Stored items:
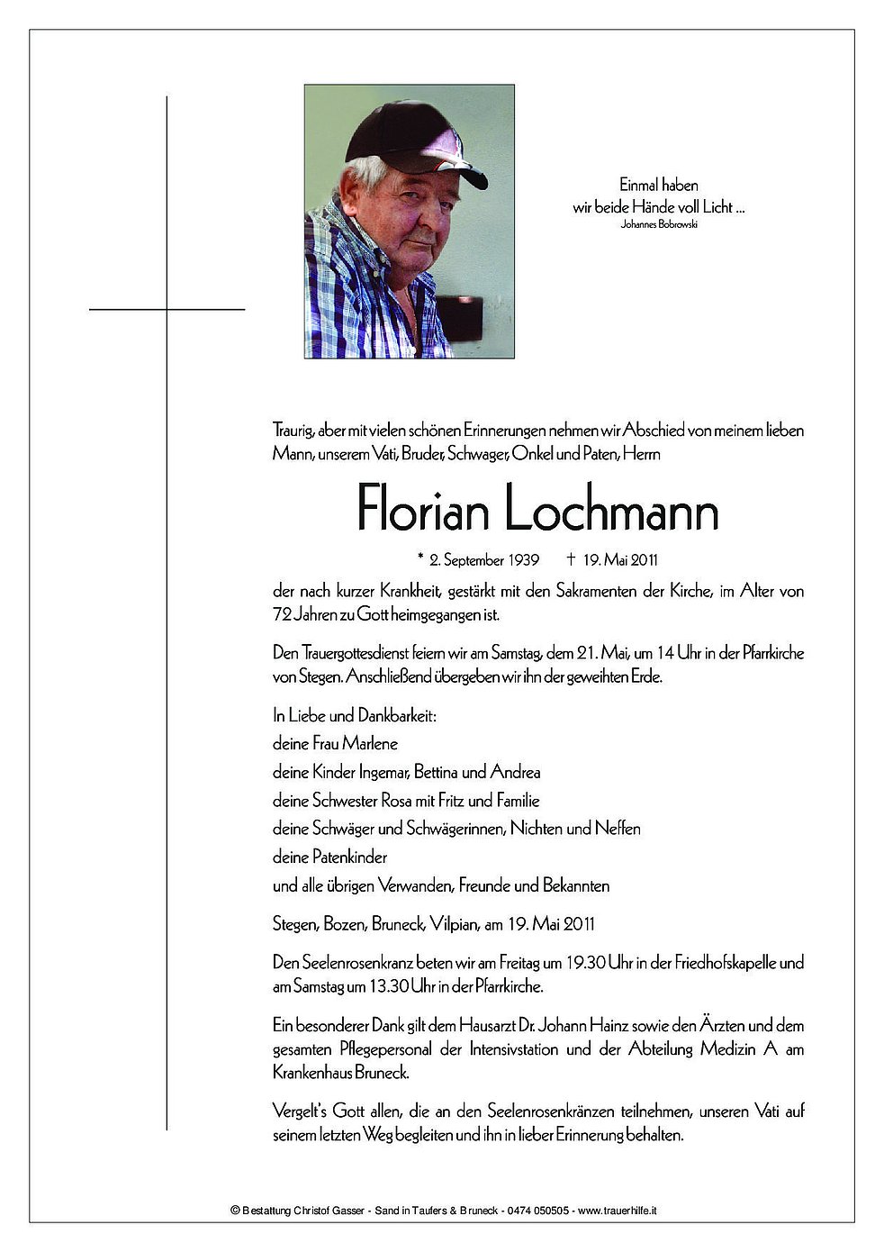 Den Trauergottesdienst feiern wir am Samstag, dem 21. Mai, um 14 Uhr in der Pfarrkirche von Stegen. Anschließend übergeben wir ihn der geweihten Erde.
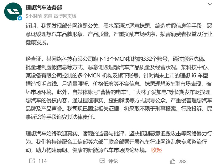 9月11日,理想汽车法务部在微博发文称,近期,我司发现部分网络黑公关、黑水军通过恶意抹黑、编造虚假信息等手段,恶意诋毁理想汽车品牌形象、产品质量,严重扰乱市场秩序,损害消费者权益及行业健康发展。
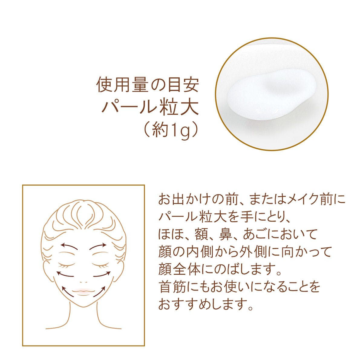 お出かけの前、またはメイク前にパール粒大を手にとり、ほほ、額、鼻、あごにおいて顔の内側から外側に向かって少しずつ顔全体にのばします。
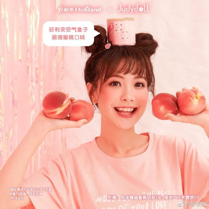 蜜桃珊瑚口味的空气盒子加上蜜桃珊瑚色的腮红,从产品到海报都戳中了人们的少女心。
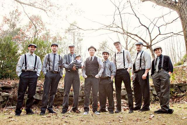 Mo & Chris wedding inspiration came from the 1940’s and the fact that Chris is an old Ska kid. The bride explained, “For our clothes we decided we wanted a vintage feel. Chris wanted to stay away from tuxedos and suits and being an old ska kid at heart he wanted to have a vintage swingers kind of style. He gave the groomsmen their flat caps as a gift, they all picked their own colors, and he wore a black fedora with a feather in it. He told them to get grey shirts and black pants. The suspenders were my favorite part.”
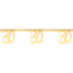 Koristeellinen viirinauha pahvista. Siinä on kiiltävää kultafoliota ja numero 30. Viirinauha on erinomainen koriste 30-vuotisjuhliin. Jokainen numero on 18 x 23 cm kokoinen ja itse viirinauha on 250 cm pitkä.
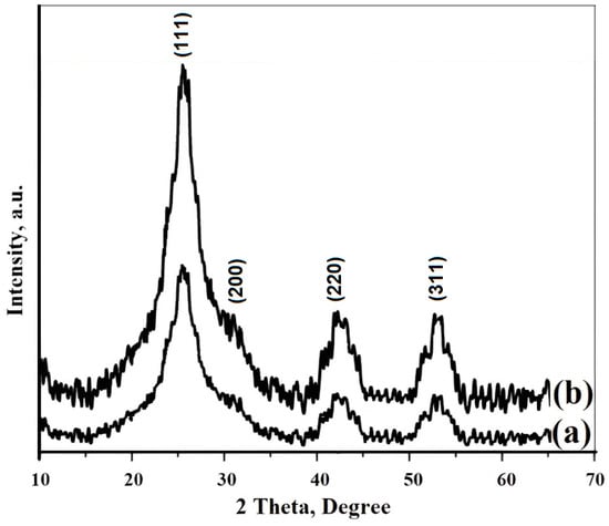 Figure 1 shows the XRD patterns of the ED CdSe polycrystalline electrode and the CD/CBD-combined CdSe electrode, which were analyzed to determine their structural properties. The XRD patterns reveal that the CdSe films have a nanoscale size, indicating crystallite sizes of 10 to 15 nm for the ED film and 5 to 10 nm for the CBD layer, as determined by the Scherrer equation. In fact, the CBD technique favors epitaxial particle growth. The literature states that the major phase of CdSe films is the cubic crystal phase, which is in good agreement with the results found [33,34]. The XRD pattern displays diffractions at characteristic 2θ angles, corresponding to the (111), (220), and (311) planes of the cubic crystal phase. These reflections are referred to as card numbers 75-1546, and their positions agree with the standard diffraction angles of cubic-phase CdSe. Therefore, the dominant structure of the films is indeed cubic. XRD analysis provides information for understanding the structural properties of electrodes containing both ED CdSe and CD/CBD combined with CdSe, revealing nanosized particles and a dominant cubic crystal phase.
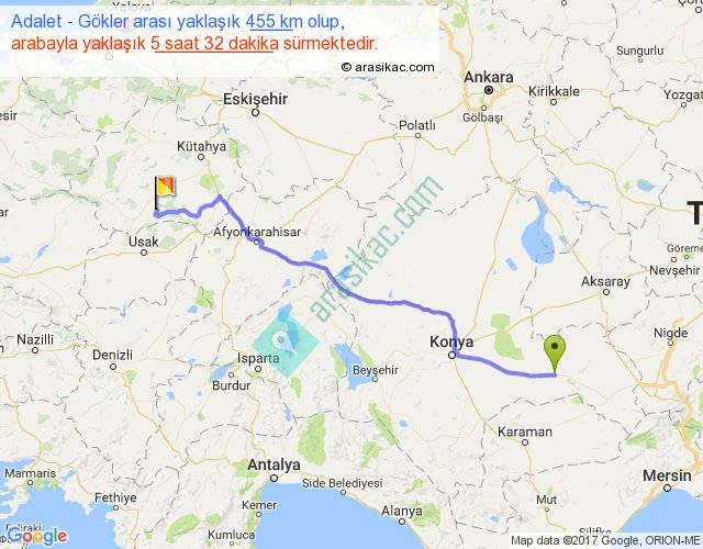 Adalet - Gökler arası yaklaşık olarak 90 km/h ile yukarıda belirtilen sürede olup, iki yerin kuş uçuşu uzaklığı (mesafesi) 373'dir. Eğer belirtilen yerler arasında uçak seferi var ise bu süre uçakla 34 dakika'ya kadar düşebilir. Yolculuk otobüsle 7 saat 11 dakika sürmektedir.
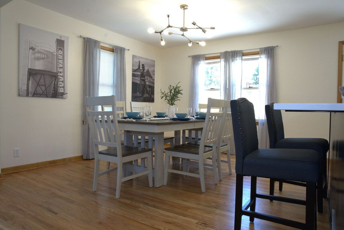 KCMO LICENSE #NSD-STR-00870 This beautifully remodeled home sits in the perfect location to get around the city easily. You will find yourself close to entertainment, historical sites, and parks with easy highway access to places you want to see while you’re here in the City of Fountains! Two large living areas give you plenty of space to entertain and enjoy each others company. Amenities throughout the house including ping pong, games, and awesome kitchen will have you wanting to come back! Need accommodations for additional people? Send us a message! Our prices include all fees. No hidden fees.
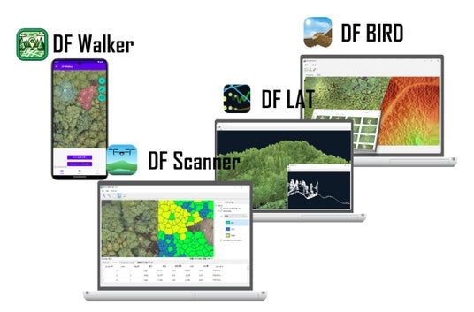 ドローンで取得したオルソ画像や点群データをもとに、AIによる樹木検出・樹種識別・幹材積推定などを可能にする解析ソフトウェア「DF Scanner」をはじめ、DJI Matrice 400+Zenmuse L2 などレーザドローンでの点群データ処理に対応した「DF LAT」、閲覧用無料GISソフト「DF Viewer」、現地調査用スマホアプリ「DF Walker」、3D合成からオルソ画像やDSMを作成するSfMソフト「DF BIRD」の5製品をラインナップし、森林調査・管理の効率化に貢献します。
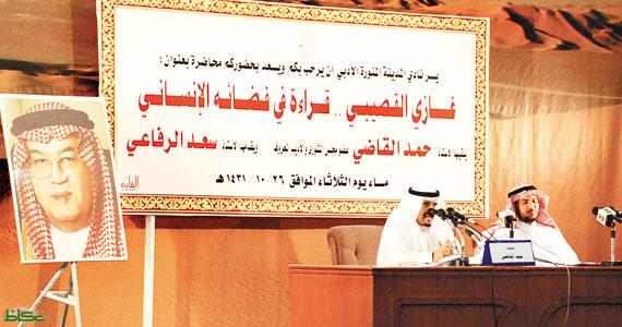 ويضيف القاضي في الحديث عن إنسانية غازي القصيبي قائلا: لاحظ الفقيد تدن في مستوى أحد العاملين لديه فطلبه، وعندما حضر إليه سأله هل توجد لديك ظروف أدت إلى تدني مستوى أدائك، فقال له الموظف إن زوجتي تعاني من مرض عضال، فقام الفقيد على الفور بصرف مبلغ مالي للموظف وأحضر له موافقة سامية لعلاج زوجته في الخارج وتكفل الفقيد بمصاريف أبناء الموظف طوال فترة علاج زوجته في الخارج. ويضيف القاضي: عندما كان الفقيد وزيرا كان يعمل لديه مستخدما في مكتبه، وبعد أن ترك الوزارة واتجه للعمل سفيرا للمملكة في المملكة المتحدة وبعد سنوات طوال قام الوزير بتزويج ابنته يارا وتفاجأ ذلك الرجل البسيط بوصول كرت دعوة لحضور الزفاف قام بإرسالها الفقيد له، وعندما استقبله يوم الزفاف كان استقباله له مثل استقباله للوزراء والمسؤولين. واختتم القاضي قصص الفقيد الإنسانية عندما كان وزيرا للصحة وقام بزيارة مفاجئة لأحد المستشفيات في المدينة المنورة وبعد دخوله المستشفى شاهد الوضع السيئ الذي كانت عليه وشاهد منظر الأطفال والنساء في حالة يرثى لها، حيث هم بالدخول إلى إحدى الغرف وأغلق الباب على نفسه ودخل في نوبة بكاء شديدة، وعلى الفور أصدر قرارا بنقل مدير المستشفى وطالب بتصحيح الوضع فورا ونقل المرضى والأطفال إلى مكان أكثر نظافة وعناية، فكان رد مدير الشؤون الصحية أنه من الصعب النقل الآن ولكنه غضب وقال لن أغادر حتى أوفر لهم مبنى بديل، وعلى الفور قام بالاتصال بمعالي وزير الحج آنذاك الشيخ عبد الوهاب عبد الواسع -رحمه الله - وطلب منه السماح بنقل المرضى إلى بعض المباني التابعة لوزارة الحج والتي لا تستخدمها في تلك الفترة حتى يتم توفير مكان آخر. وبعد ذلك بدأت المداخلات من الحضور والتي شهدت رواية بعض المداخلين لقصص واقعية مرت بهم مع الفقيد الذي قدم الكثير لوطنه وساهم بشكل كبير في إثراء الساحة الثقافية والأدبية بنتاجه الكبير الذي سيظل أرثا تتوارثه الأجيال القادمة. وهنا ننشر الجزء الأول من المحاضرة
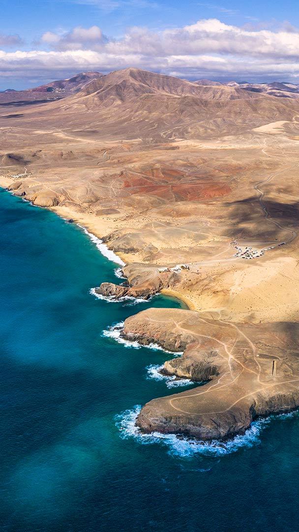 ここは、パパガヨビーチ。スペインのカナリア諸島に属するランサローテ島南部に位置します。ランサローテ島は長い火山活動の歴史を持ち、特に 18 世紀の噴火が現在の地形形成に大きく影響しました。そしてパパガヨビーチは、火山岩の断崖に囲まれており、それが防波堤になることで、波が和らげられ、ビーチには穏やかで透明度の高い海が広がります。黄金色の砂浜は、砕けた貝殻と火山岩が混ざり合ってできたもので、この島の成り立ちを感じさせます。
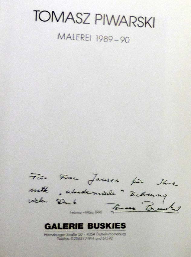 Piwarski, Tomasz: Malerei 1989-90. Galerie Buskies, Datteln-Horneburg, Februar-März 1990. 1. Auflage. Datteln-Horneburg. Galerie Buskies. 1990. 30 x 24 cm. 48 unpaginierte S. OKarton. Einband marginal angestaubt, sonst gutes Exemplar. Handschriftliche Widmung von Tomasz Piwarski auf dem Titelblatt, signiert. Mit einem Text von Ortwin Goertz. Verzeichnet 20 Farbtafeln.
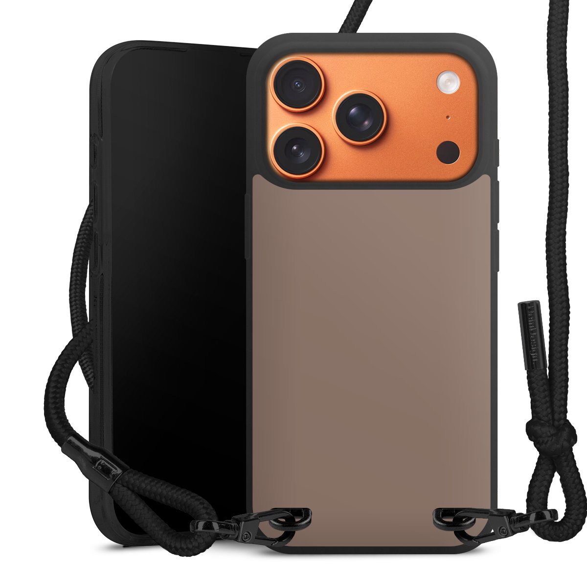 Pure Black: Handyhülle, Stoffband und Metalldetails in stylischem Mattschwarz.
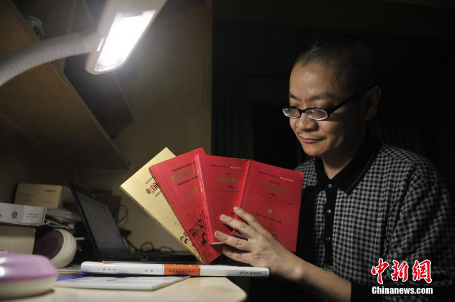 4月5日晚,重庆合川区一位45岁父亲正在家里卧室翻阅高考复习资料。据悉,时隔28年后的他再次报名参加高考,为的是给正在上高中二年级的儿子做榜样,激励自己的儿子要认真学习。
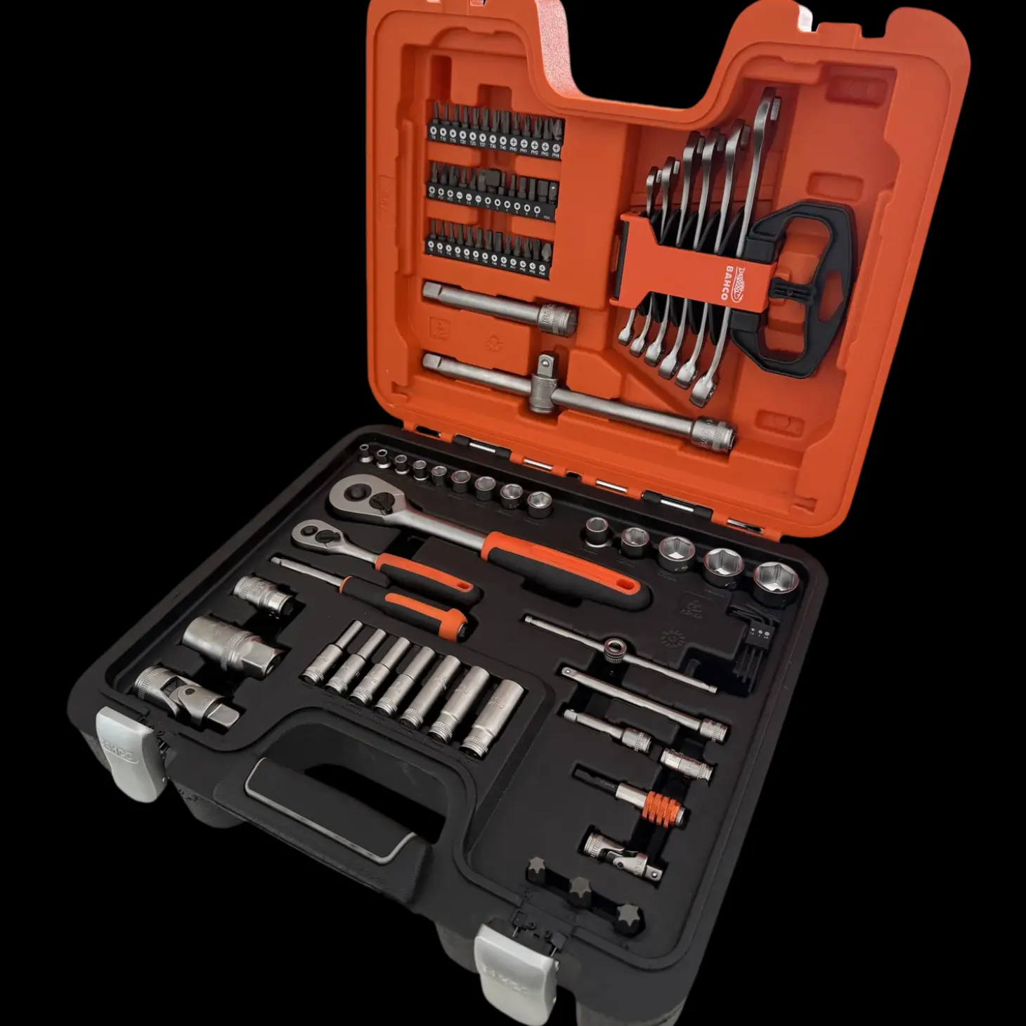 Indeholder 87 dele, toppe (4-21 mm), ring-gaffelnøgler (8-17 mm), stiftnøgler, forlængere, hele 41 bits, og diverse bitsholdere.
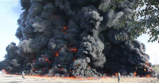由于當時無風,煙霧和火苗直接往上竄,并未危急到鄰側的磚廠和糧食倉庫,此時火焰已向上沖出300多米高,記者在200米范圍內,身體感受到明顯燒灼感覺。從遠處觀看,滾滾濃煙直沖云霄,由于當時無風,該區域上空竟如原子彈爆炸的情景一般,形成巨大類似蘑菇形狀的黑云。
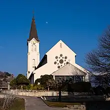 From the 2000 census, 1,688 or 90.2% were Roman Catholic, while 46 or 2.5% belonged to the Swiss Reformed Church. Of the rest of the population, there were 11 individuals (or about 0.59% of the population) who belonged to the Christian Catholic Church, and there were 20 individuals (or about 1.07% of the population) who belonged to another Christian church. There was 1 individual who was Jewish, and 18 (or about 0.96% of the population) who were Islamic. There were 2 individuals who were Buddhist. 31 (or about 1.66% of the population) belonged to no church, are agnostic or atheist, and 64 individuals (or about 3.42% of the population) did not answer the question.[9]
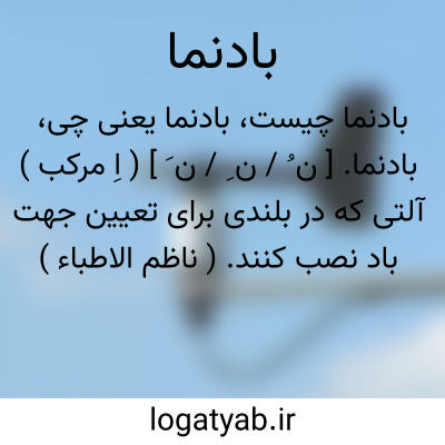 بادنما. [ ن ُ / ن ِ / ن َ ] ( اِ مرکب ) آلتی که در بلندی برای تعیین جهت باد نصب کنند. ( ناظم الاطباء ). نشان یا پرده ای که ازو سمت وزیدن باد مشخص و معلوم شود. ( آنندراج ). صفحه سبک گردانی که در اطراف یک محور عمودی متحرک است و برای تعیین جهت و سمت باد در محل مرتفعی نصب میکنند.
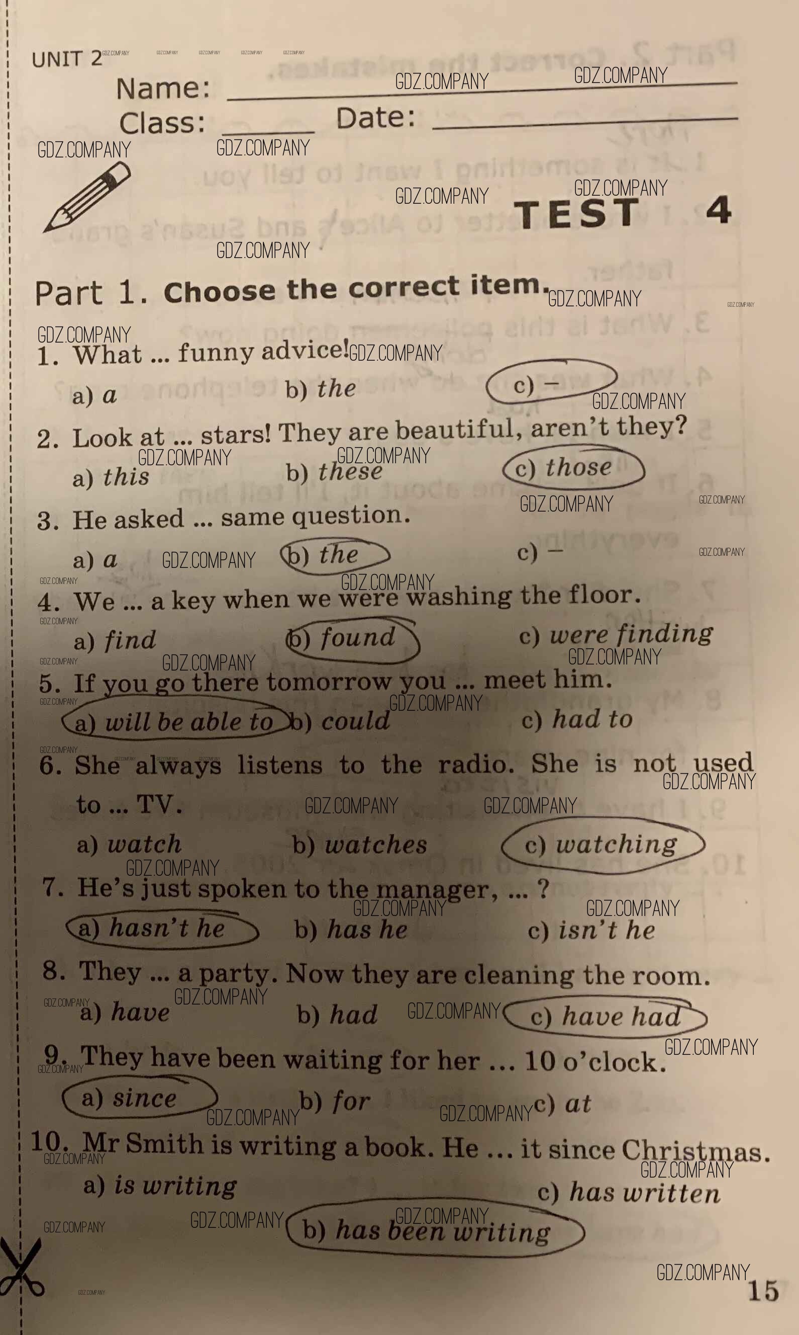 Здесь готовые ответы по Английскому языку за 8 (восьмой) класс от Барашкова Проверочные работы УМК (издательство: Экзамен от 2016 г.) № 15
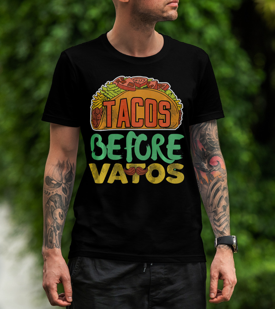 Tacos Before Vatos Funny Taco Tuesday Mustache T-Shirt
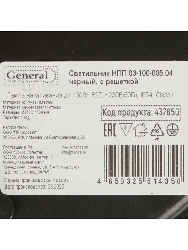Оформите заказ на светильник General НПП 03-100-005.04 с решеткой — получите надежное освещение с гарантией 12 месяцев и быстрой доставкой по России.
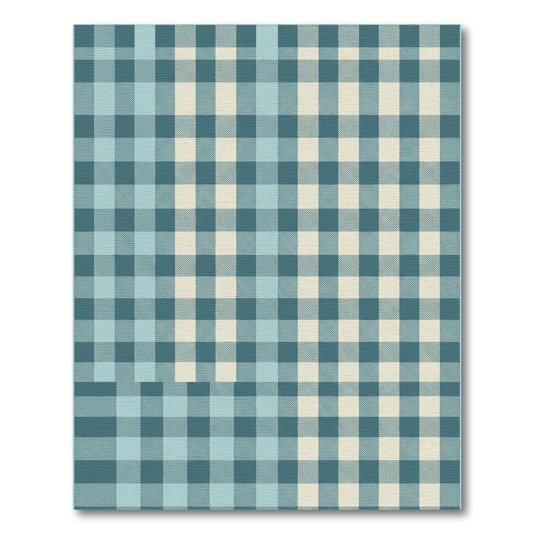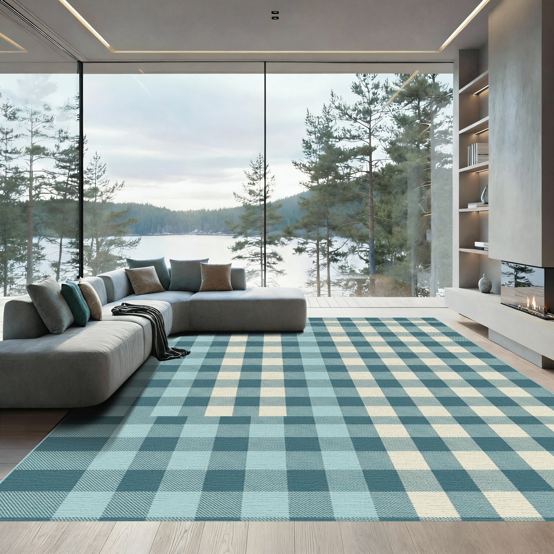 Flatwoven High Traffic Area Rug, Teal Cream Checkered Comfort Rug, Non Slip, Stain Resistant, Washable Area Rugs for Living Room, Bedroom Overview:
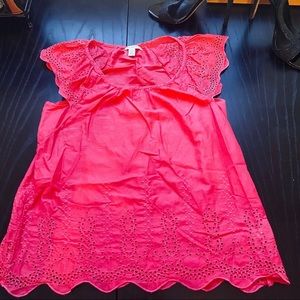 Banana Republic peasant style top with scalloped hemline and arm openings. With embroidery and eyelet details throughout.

EXERCISE OBJECTIVE:
Take the records above from the line with "Здесь готовые ответы" down to their last line and please copy those lines exactly, without the pictures.

ANSWER FOR THIS EXERCISE:
 Здесь готовые ответы по Английскому языку за 8 (восьмой) класс от Барашкова Проверочные работы УМК (издательство: Экзамен от 2016 г.) № 15
 Tacos Before Vatos Funny Taco Tuesday Mustache T-Shirt
Оформите заказ на светильник General НПП 03-100-005.04 с решеткой — получите надежное освещение с гарантией 12 месяцев и быстрой доставкой по России.
 Flatwoven High Traffic Area Rug, Teal Cream Checkered Comfort Rug, Non Slip, Stain Resistant, Washable Area Rugs for Living Room, Bedroom Overview:
 Banana Republic peasant style top with scalloped hemline and arm openings. With embroidery and eyelet details throughout.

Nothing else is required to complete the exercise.